Faker is a long standing project developed to provide 'mock'data in a number of languages.
The main project page can be found here: https://pypi.org/project/Faker/
Every provider has a main method that you can use to demostrate the functionality of that provider.
We wanted to develop a mock data service and chose Faker as a pattern to deliver the general purpose aspects of mock data generation for the project. Moving on we have build a number of providers which extend the vanilla Faker with more generators.
All of the data you see in this project is completely open sourced and is included in the references section below.
All the addresses are real addresses sourced from the land registry via the web site below. This has the advantage of providing data where the fields are releated, for instance the postcode and the street name match. However the telephone numbers are random.
https://www.fakeaddressgenerator.com/UK_Real_Random_Address
The country data is a combination of a number of ISO data sources for country codes descriptions and most importantly languages spoken in those countries. There are normally anomalies in this data which have been removed by deleting them which does mean the list if not complete but for the case of mock data this was not deemed as an important factor.
https://www.iso.org/iso-3166-country-codes.html https://www.iso.org/iso-639-language-codes.html
Device data was sourced from the web site below and is based on UK sales data.
https://gs.statcounter.com/vendor-market-share/mobile/united-kingdom/2019
The financial institutions list is a very short extraction of the full list available in the UK and their short codes. This list probably needs to be extended.
Hobbies and their take up in the UK was sourced from Harris Poll data here.
https://assets.publishing.service.gov.uk/government/uploads/system/uploads/attachment_data/file/866851/1_January_2020_SPS.xlsx https://en.wikipedia.org/wiki/Royal_Navy_other_rank_insignia
The ONS publishes statistics on occupations.
Vehicle data is interesting. It is real data which was gathered from an open source roadside survey.
The file was processed to capture just the information about the vehicle itself. We used this route because
gathering information about make and models of vehicles, in particular historical
data, is quite difficult as there is no UK body that holds this data.
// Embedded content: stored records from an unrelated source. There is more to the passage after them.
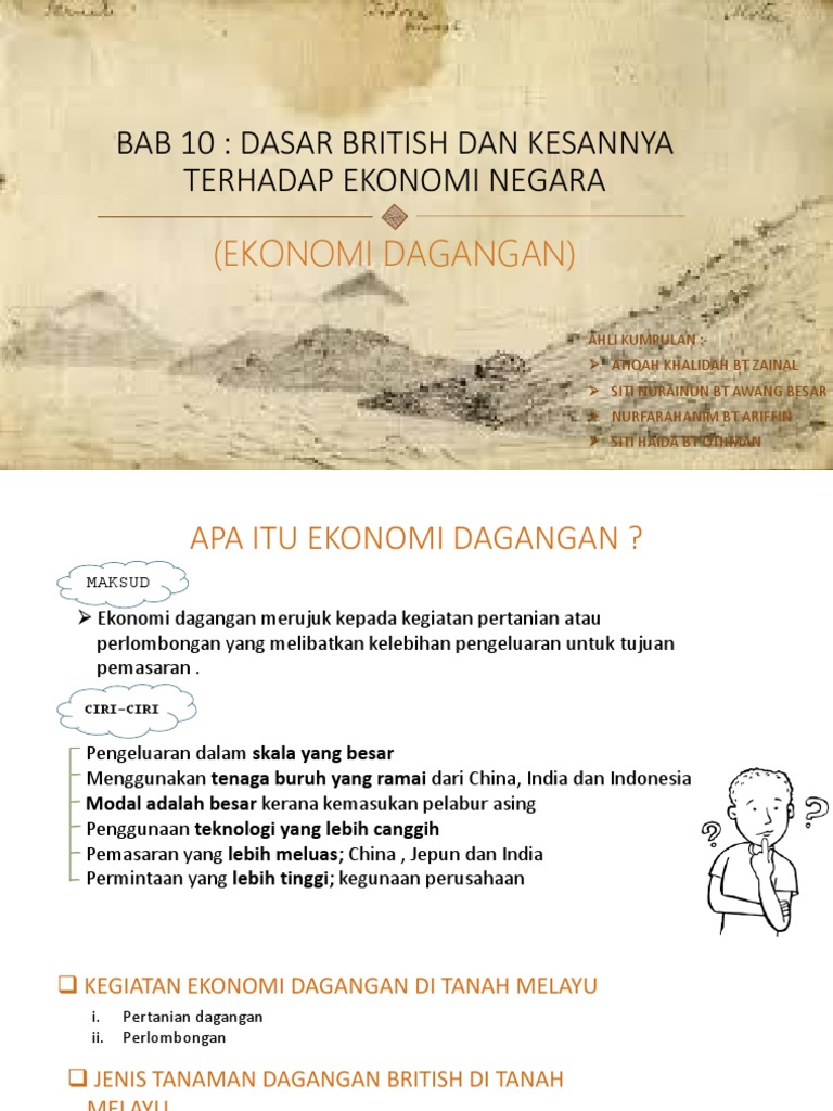 Rasulullah mengeluarkan sejumlah kebijakan yang menyangkut berbagai hal yang berkaitan dengan masalah. 6.1 kegiatan pertanian dagangan (teks m/s: Indonesia adalah ekonomi terbesar di asia tenggara. (b) pada pandangan anda, mengapakah ekonomi dagangan di tanah melayu pada zaman penjajahan british dikuasai oleh pelabur eropah dan cina? British mengeksploitasi ekonomi (tanah melayu, sarawak dan sabah).
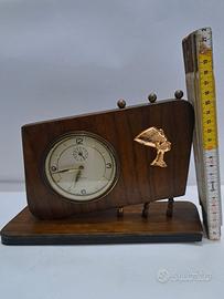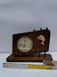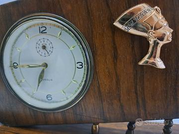 Originale orologio in legno marca Veglia. Usato, funzionante a carica manuale, possibilità inserimento suoneria sveglia. Buono stato, qualche segno del tempo, sul lato posteriore il colore si è leggermente ossidato. Contattatemi per ulteriori info.
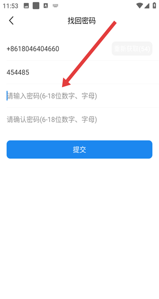 4、填写好验证码,点击设置新密码并确认密码后,点击提交按钮,完成密码找回操作。
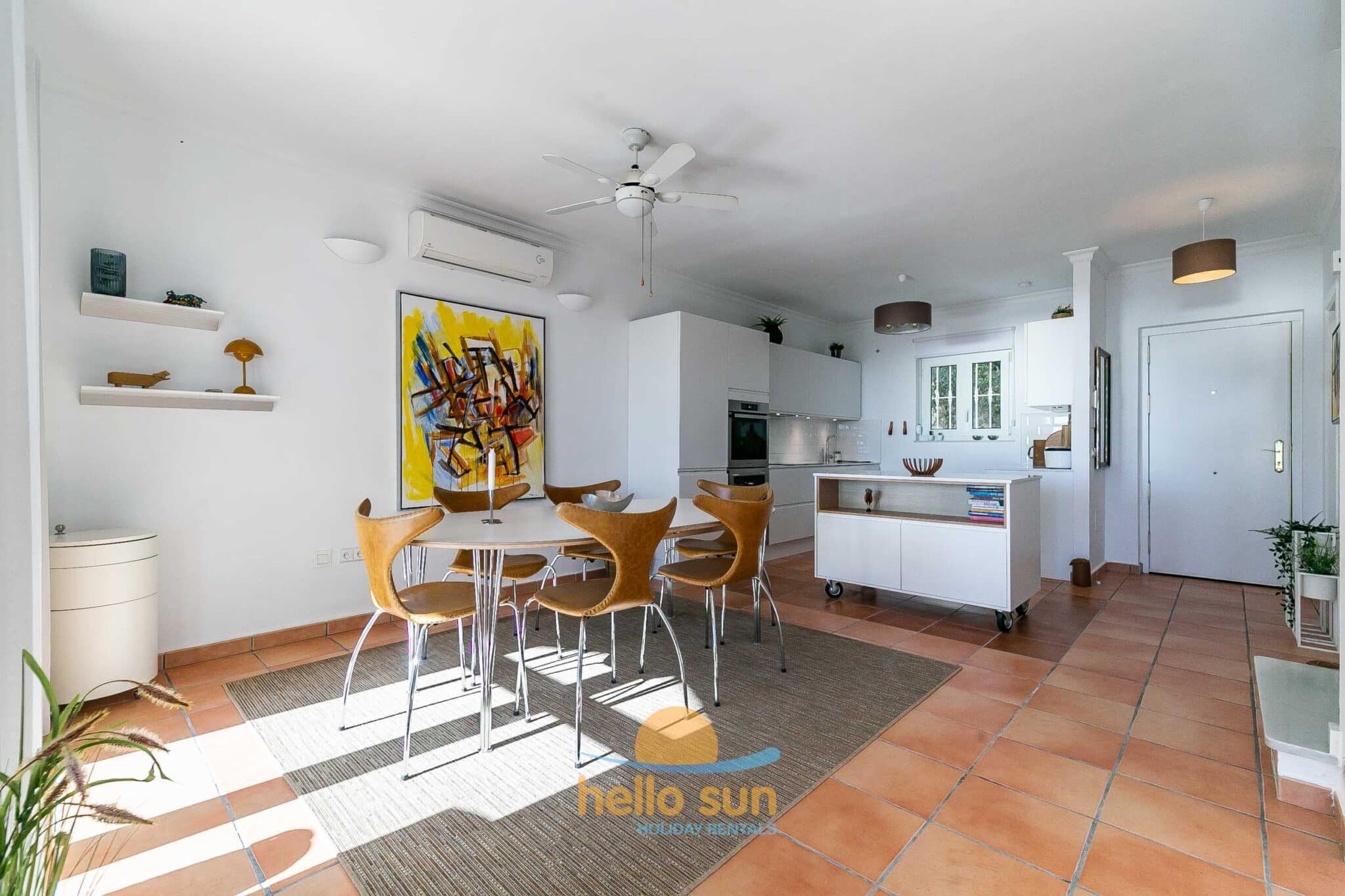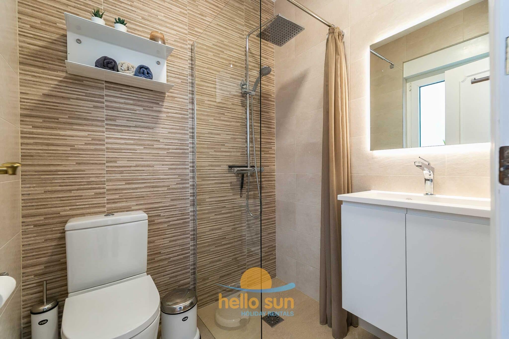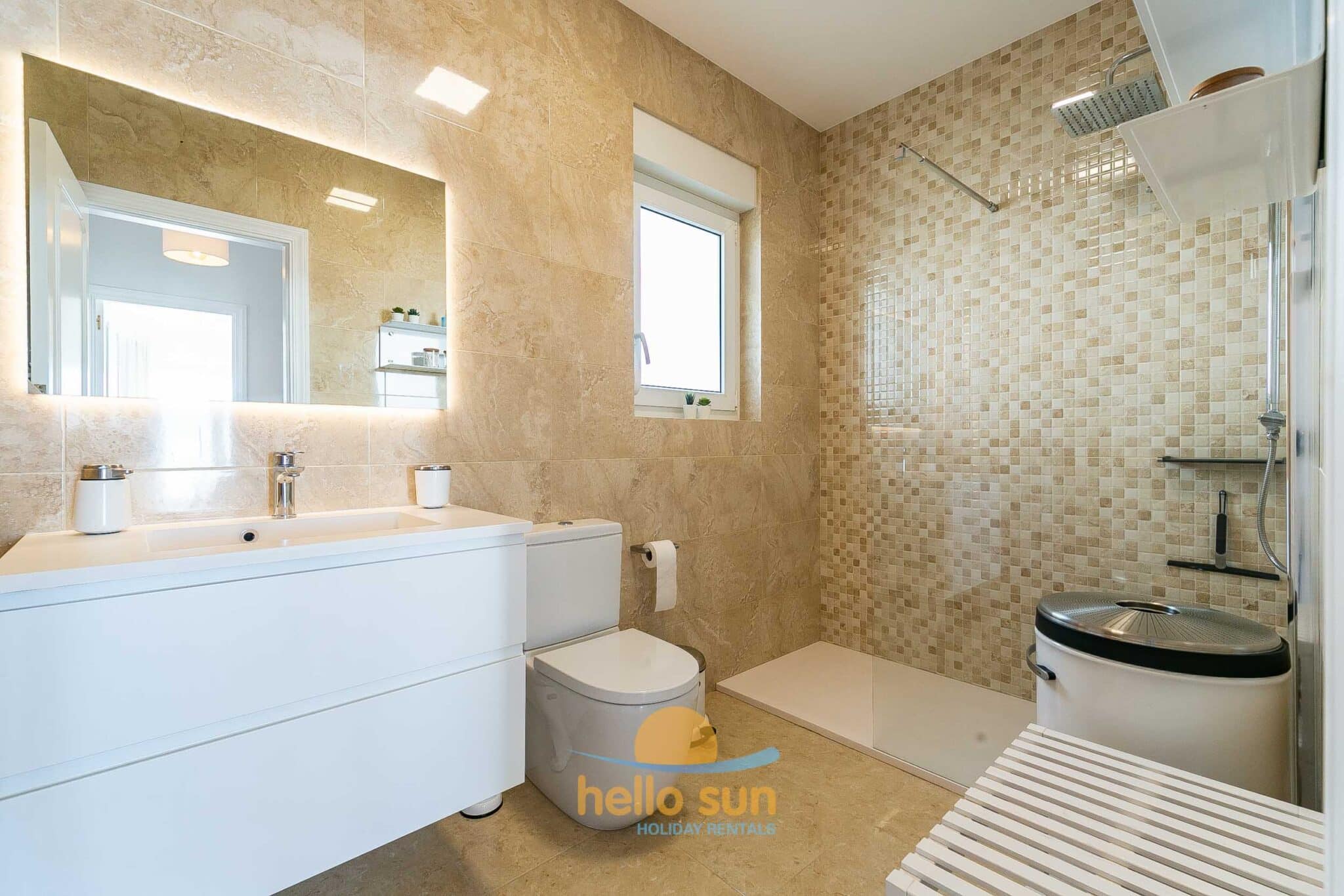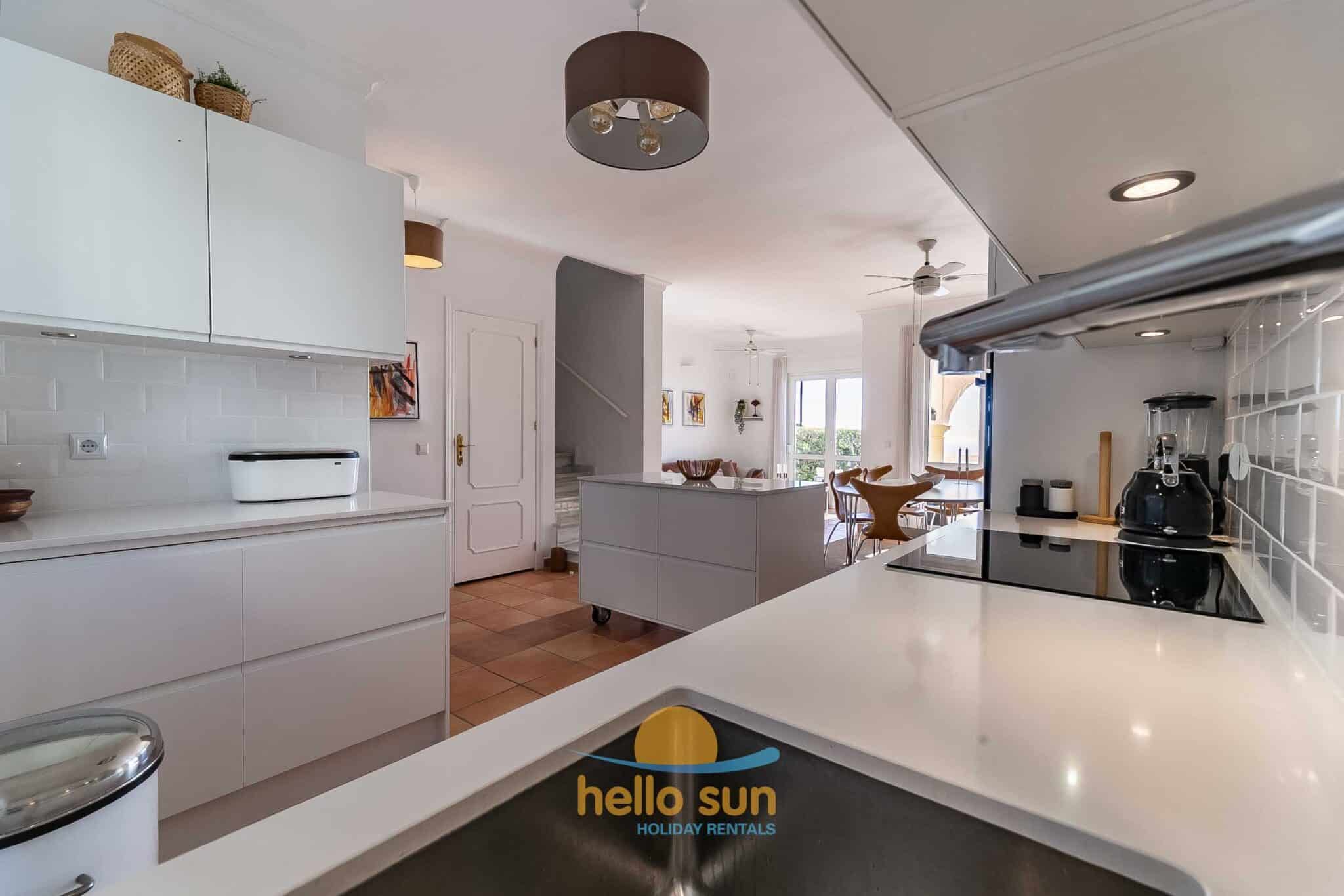 The house is in 2 levels and features 3 spacious bedrooms with fitted wardrobes, 2 modern bathrooms with showers, a spacious and bright living/dining room and an open kitchen with all appliances. From the living/dining room there is direct access to a very large terrace, where the first part is covered, and the rest uncovered. There is also a spacious balcony/terrace with access from the bedrooms on the second floor. The views from the terraces are stunning. These are the places where you enjoy the sun all day long and relax.

Such information
is available in the US if needed.
There are many open sources for this data for instance the one below. We did not source market percentages.
https://www.finder.com/uk/car-insurance/a-to-z-list
Again this is easily sourced from the internet.
https://en.wikipedia.org/wiki/Home_Office_radio
We have a huge number of other providers which are all statistics based rather than routed in real data items. All these statistics were sourced from the internet and can probably be disputed in terms of accuracy. Where possible UK specific statistics were used. Note that we have NOT provided any other country specific data at this point.
Several providers use random data based on a pattern expression. For instance driving license generation of passport numbers.